A quick look at the book suggests it has not been updated to Office 2007 (I thought it had). The principles will be the same, but the layout in Office 2007 is a bit different from 2003.

Looking at your more recent post (I cross posted) makes me think you would be better off with Access. You will just have a steep learning curve.


  MrNewName 06:54 15 Oct 2009

Thanks Woolwell and Skeletal. It looks to me that this is beyond what I have the time or interest to try doing and I will try to find a custom made solution.

Skeletal: the "etc" is a little vague for me - for some it will be one or two records, for others maybe 20. Similarly, for some it will be updated only bi-annually while for others it could be every week.

  Picklefactory 08:09 15 Oct 2009

Woolwell and Skeletal have given some great advice. Access and Excel, indeed all MS Office software are vast programs that can do achieve a huge amount of varied tasks and functions, but don't be scared off by that, many people with little or no knowledge of the more complex parts still happily use them daily.
Your database looks relatively simple and you might well find that one of the in-built samples that ship with Office would be easily modified to your needs.
Have you looked at the sample student database in Access? It's a free download from MS. If that looks a little too big, why not have a go at creating one? I'm sure you would get plenty of support here, and I do believe your needs are relatively simple based on what you mentioned in your first post.

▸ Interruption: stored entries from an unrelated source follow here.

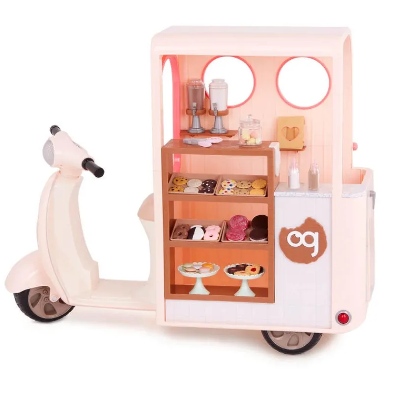 El Set de Vespa Tienda de Galletas de Our Generation incluye una moto y accesorios para simular la venta de galletas. Perfecto para aventuras y juegos de negocio.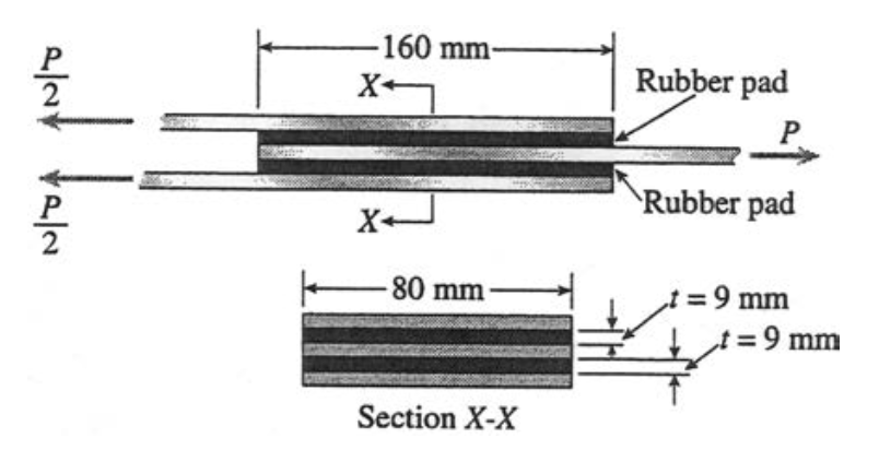 Une connection flexible avec des coussins en caoutchouc (d'épaisseur 9 mm) attachés à des plaques d'acier est illustré ci-dessous. Les coussins ont une longueur de 160 mm et une largeur de 80 mm.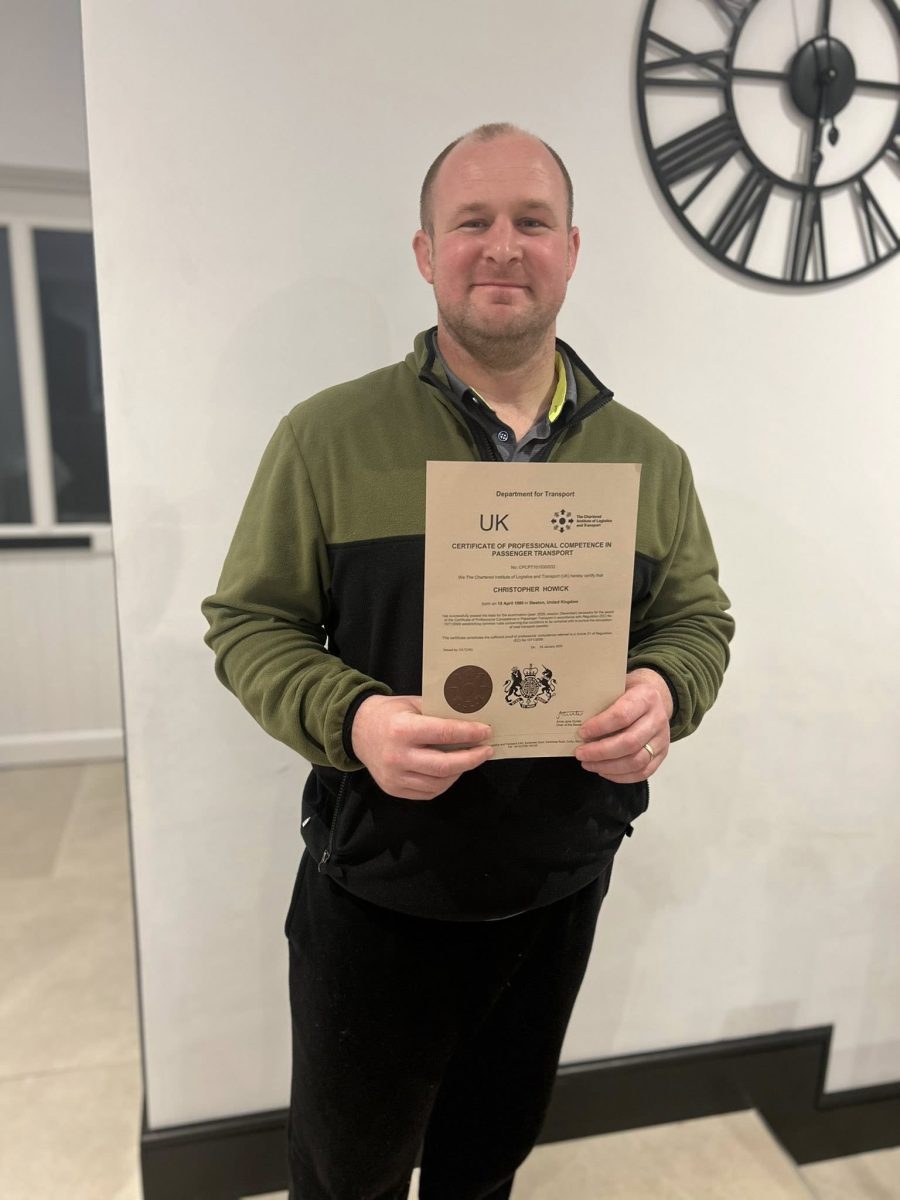 A huge WELL DONE to Chris for completing his training and passing his final exam for the Traffic Manager CPC Passenger Transport qualification.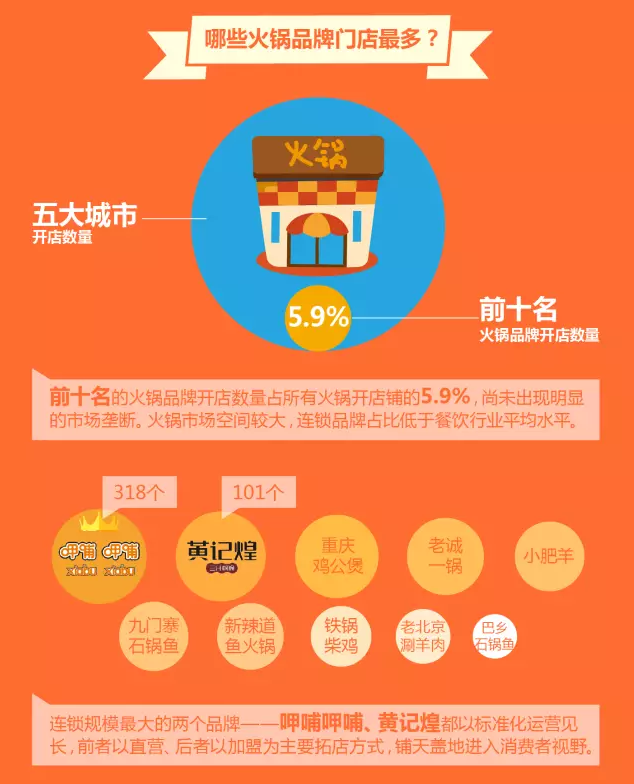 在經(jīng)營方式上,連鎖規(guī)模最大的呷哺呷哺和黃記煌都以標準化、模塊化的運營專長,分別以直營和加盟兩種發(fā)展方向,快速的占據(jù)了高量的市場份額。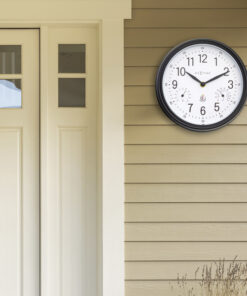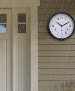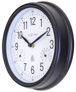 DeNeXtime NE-4318WI buitenklok Jasmine verteld meer dan alleen de tijd. Deze wandklok heeft namelijk ook een thermometer op de index welke de temperatuur in Celsius weergeeft en geeft de luchtvochtigheid aan. Deze klok heeft subtiele zwarte rand met een witte wijzerplaat met een duidelijke cijfer en streep index. Het gebruik van extra rubberen ringen om te voorkomen dat het water de kwetsbare delen van de klok bereikt, maakt deze klok bijzonder en weerbestendig. De klok is geschikt voor zowel binnen als buiten en werkt op 1x AA-batterij (niet inbegrepen). Diameter: 23,5 cm.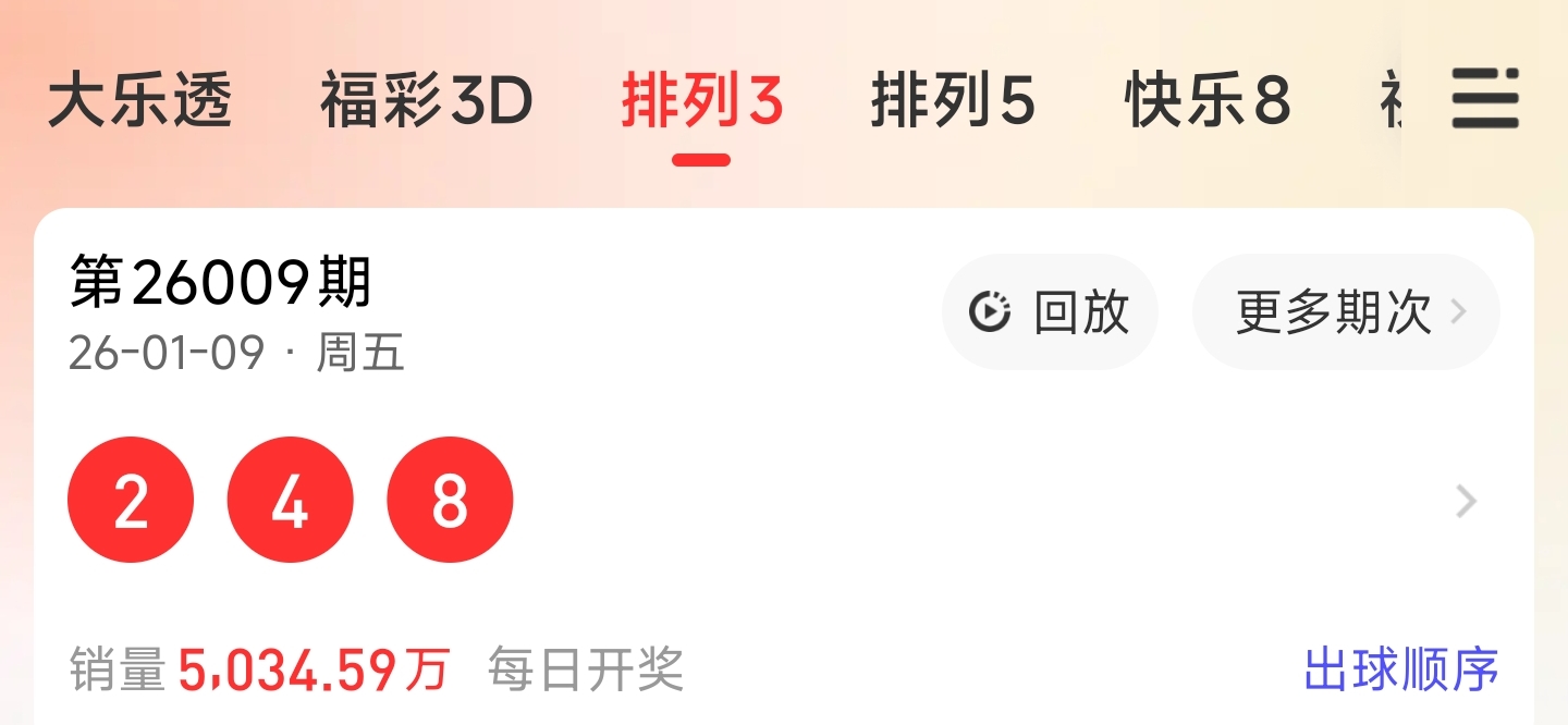 上期排列3开出248,和尾为4,跨度为6,奇偶比为0:3,大小比为1:2,012路个数对比为0:1:2。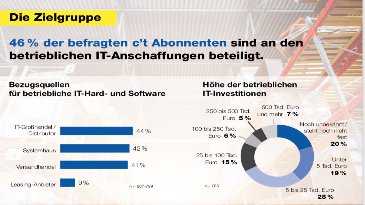 Zu den Empfängern zählen große und regionale Systemhäuser, aber auch die c’t-Firmenabos. Diese Firmen-Empfänger bestellen in erheblichem Umfang ITK-Lösungen, wie eine aktuelle Studie belegt. Zudem zählt die ITK-Distribution zu der bevorzugten Einkaufsquelle dieser Gruppe (siehe Foto). Die Ausgabe soll dem ITK-Channel als Überblick und Orientierung in einem zunehmend komplexen Marktumfeld dienen. Die Ansprechpartner von Heise und ChannelObserver stehen für weitere Informationen gerne zur Verfügung. Weitere Details gibt es auch per Mail an info(at)channelobserver.de.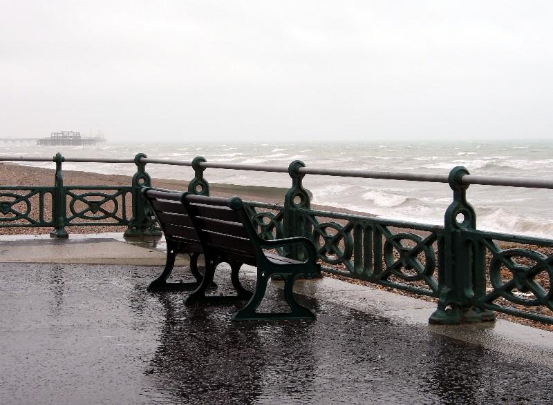 Non, je n’ai croisé personne, il pleuvait dru, la mer était en tempète…, les cabines de plages multicolores étaient closes, pas de touristes obèses à T-shirts estampillés “I love Brighton“…
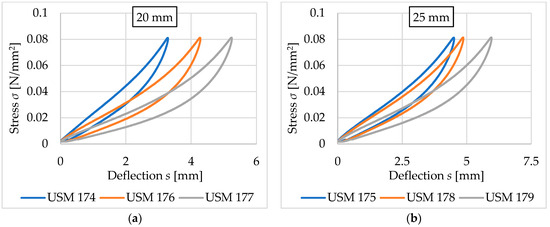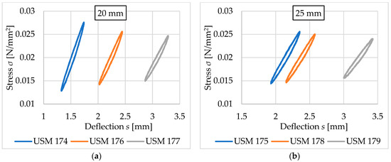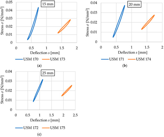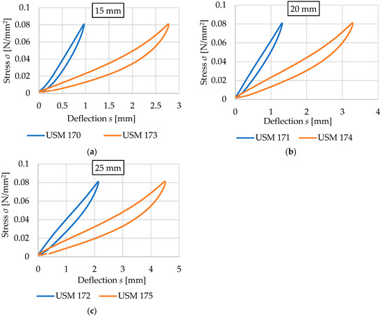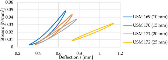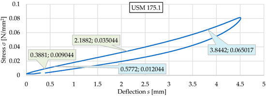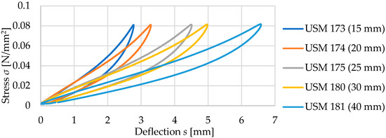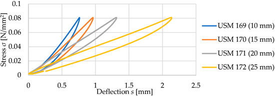 - The dependence of the stress on the deflection induced by this stress for the tested SBR-based USM samples is approximately linear within almost the entire tested range, which translates into a predictable operation of such an element in the tram track structure.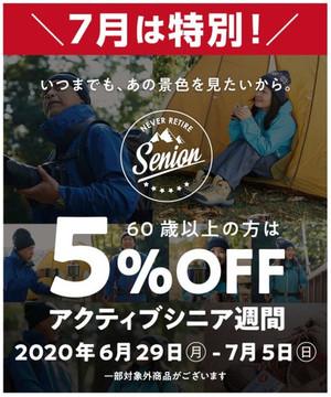 日頃の感謝を込めまして、シニアの方に嬉しいお知らせ。 本日6月29日(月)から7月5日(日)まで、 毎日アクティブシニアデー!! 60歳以上の方は5%オフでお買い物いただける、 大変お得な期間になります!! 是非この機会にみなさまお誘い合わせの上、 好日山荘に遊びにいらしてください♪ 「アクティブシニア割」は、60歳から使える好日山荘の優待サービスです。毎月1日と15日が5%オフになるお得な会員限定のサービス。 さらに、ただいま好日山荘では創業祭を開催中。 メンバーズポイントがなんと15%も還元されます!!! シニア割引後の商品にもポイント15%還元されるので大変お得です!!! お得なこの機会にぜひ夏山の準備をすすめてみてはいかがでしょうか。 【*アクティブシニア割・割引対象外あり】◆書籍DVD、クリアランス、アウトレット品◆アークテリクス、パタゴニア、ファイントラック、ビモロ、ラ・スポルティバ製品 ご入会には、好日山荘メンバーズカードと免許証、又は保険証等をレジでご提示下さい。好日山荘メンバーズへは無料で当日ご入会いただけます(年会費無料)。 詳しくは店頭スタッフまで。好日山荘 さいか屋藤沢店 0466-24-1977Staff/ozawa【Official Instagram】 Follow Me_@koujitsusansou_fujisawaFind Me_#好日山荘さいか屋藤沢店 http://www.kojitusanso.jp/support/senior/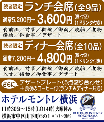 ホテルモントレ横浜の日本料理「隨縁亭(ずいえんてい)」では、昼・夜共にタウン限定の会席が大人気。落ち着いた雰囲気の店内で料理長こだわりの旬のメニューの数々が味わえるため、新年会や各種お祝いでの利用もおすすめ。
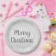 Silver Grey Frost Merry Christmas Paper Plate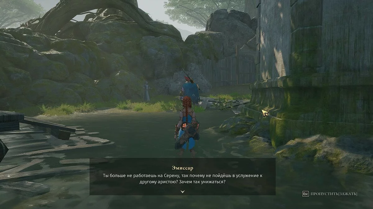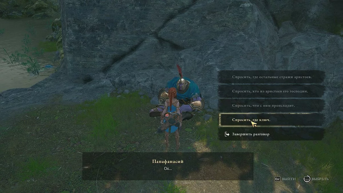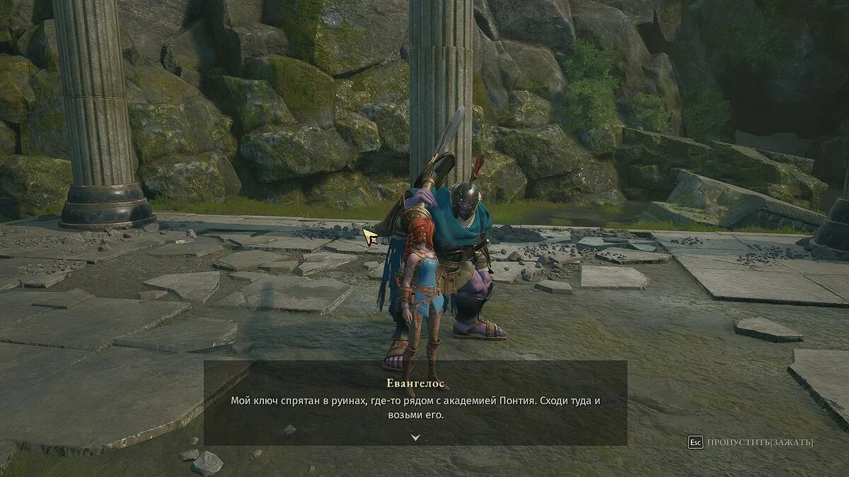 От лагеря охотников следуйте к открытым вратам в Наследие Понтия. Здесь вы встретите Эвменида, псы которого нападут на вас. Отбейтесь от них и побеседуйте с Евангелосом. Мужчина также расскажет, где искать третий ключ.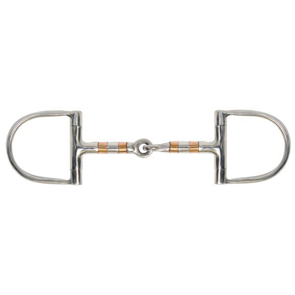 This versatile and stylish bit is a stainless-steel racing D-ring style bit that features a 5-inch copper broken mouthpiece and 3-inch D-cheeks. This bit is designed to provide effective communication between rider and horse. The D-ring design helps to prevent the bit from sliding through the horse's mouth. This D-ring design provides gentle control and allows the rider to communicate with their horse effectively.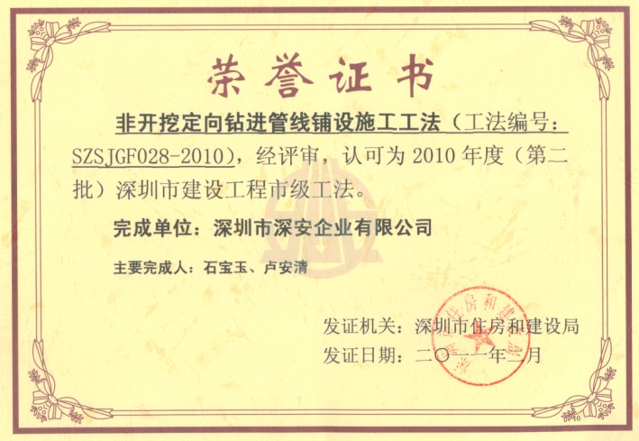 熱烈慶祝深安企業(yè)獲兩項(xiàng)市級(jí)工法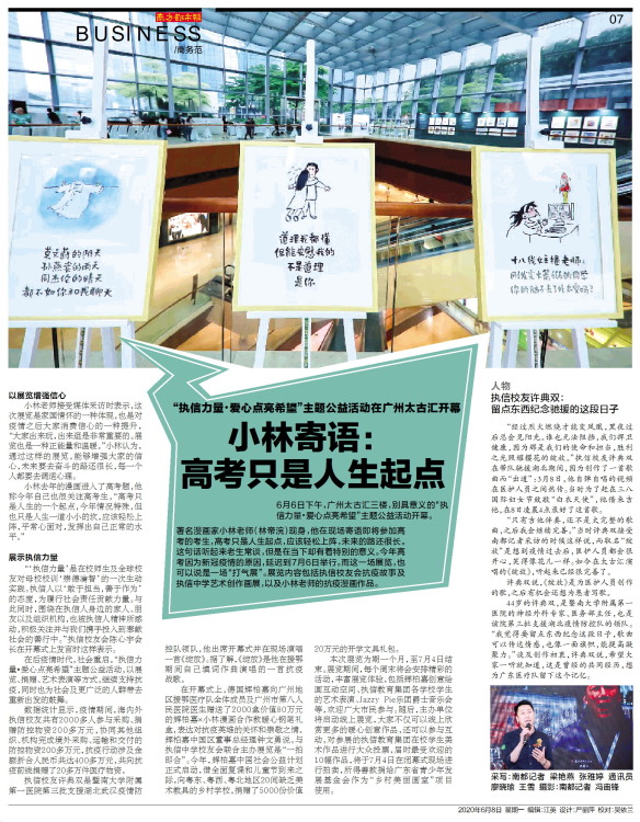 6月6日下午,广州太古汇三楼,别具意义的“执信力量·爱心点亮希望”主题公益活动开幕。著名漫画家小林老师(林帝浣)现身,他在现场寄语即将参加高考的考生,高考只是人生起点,应该轻松上阵,未来的路还很长。这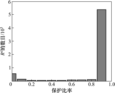 是否受保护(即源节点s是否受保护);然后计算Rd的受保护比率;最后评估整个域间网络的可保护程度。其结果如图6所示。从图6可以看出:绝大部分的Rd (大于5 200个Rd)拥有较高的受保护比率(保护比率大于0.85),即在不增加BGP路由器额外开销的基础上,仅利用当前AS节点路由表中已经存在的后备路由资源,就可以确保在BGP路由收敛过程中Rd中85%以上的源AS节点实现保护路由,即无中断的数据传输。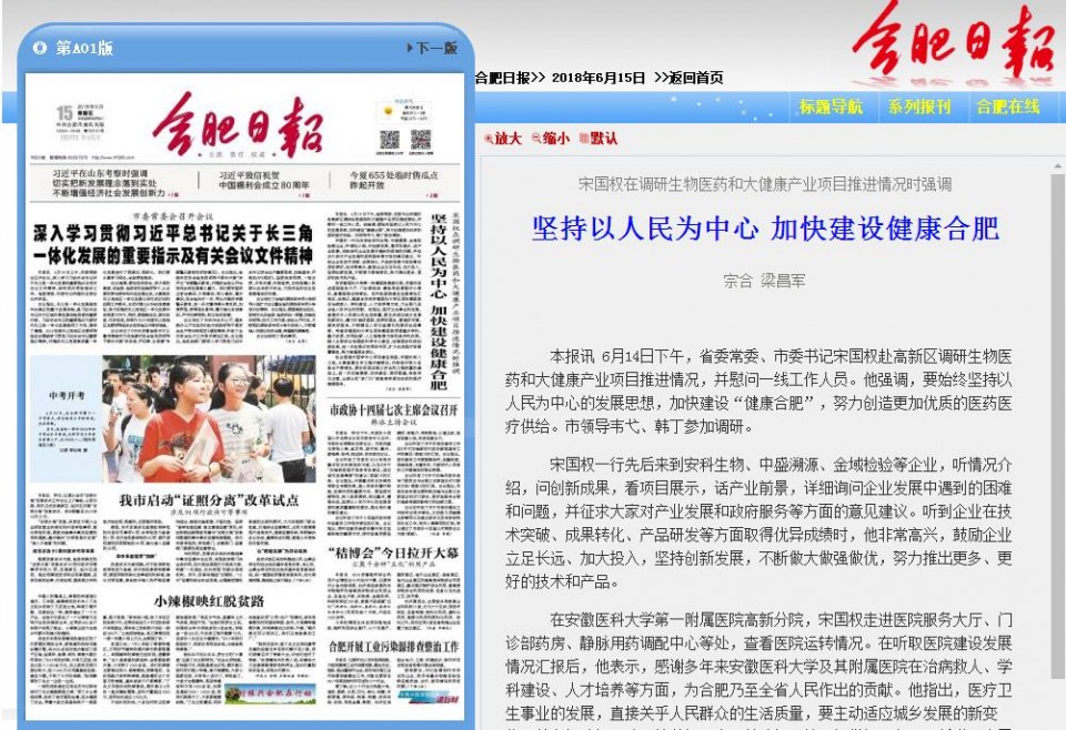 本报讯 6月14日下午,省委常委、市委书记宋国权赴高新区调研生物医药和大健康产业项目推进情况,并慰问一线工作人员。他强调,要始终坚持以人民为中心的发展思想,加快建设“健康合肥”,努力创造更加优质的医药医疗供给。市领导韦弋、韩丁参加调研。
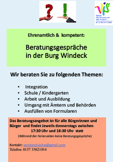 NEU: Ehrenamtliche Beratungsgespräche in der Burg Windeck! Viele Bürgerinnen und Bürger vermissen seit der Fusion mit Ingelheim eine Anlaufstelle für ihre Fragen. Wir springen in diese Lücke und bietet einmal in der Woche ein Beratungsgespräch an. Wenn Sie Schwierigkeiten beim Ausfüllen von Formularen haben oder nicht wissen, welche Behörde oder Anlaufstelle für Sie und Ihre aktuellen Probleme zuständig ist, helfen wir Ihnen gerne. Unsere Ehrenamtlichen nehmen sich Zeit für Ihre Fragen, beraten Sie oder leiten sie an entsprechende Stellen weiter. Die Beratung ist kostenlos und findet in der Schulzeit wöchentlich zwischen 17:30 und 18:30 Uhr in der Burg Windeck (Bahnhofstr 17, 1. Etage- Büro) statt. Sie erreichen uns über E-Mail oder Telefon (s.u.)!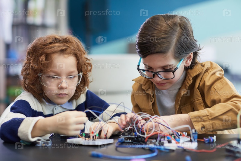 Мальчики наслаждаются классом робототехники в школе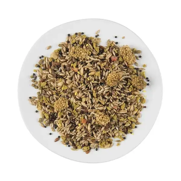 Complete premium food for adult canaries - Witte Molen Puur CANARY 2kg Complete premium food for canaries. Pure and varied seed mix with special ingredients for a healthy and happy bird life. No artificial fragrances, colours or flavours. Rich in protein and flaxseed to give shine to the feathers and make sweeping easier. Added prebiotics promote healthy digestion. Contains: seeds (2% millet, 2% linseed 2% chia seeds), grains, vegetable derivatives, minerals, fruit (1% banana), oils and fats, vegetables, eggs and egg products 0.2%. Analytical components: crude protein 15.8%, crude oils and fats 15.3%, crude fibre 7.3%, crude ash 4.4%, calcium 0.62%, phosphorus 0.44%, sodium 0.09%. Additives: Nutritional supplements/kg: Vit A 1.000 IU, Vit D3 100 IU, Vit E 5 mg, Vit C (Lascorbic acid) 3 mg, Iron (ferrous (II) sulphate) 0,8 mg, copper sulphate pentahydrate 0,1 mg, selenium (sodium selenite) 0,003 mg. Additives: antioxidants. Store at room temperature in a dry and dark place. Feeding recommendations: 10-15 g/day. Provide your pet with fresh food and water every day! Expiry date, batch no.: see on the package.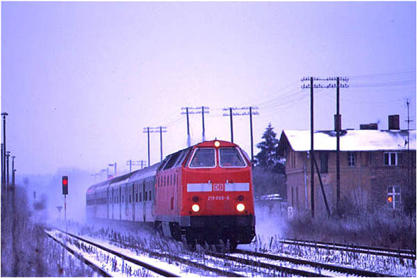 KBS 209.26: 219 009 passiert am frühen Morgen des 11.12.98 mit der RB 5911 in Ri. Polen den Bahnhof Seelow-Gusow ohne Halt Sensia/250/2.5 - 180 mm

  MrNewName 07:00 17 Oct 2009

Thanks for the replies; it's beyond my interest to try this so I've outsourced it to someone who will do it properly.

  skeletal 18:00 17 Oct 2009

Like all things, it is up to the individual to decide how much time and effort they will put in to sorting something out. If you have an interest in such things, you can spend many happy(??!!) hours designing an application that exactly meets your needs and learning about databases. You can’t do something like that in five minutes.

On the other hand you may wish to use your time for something else!

I hope you end up with a good solution.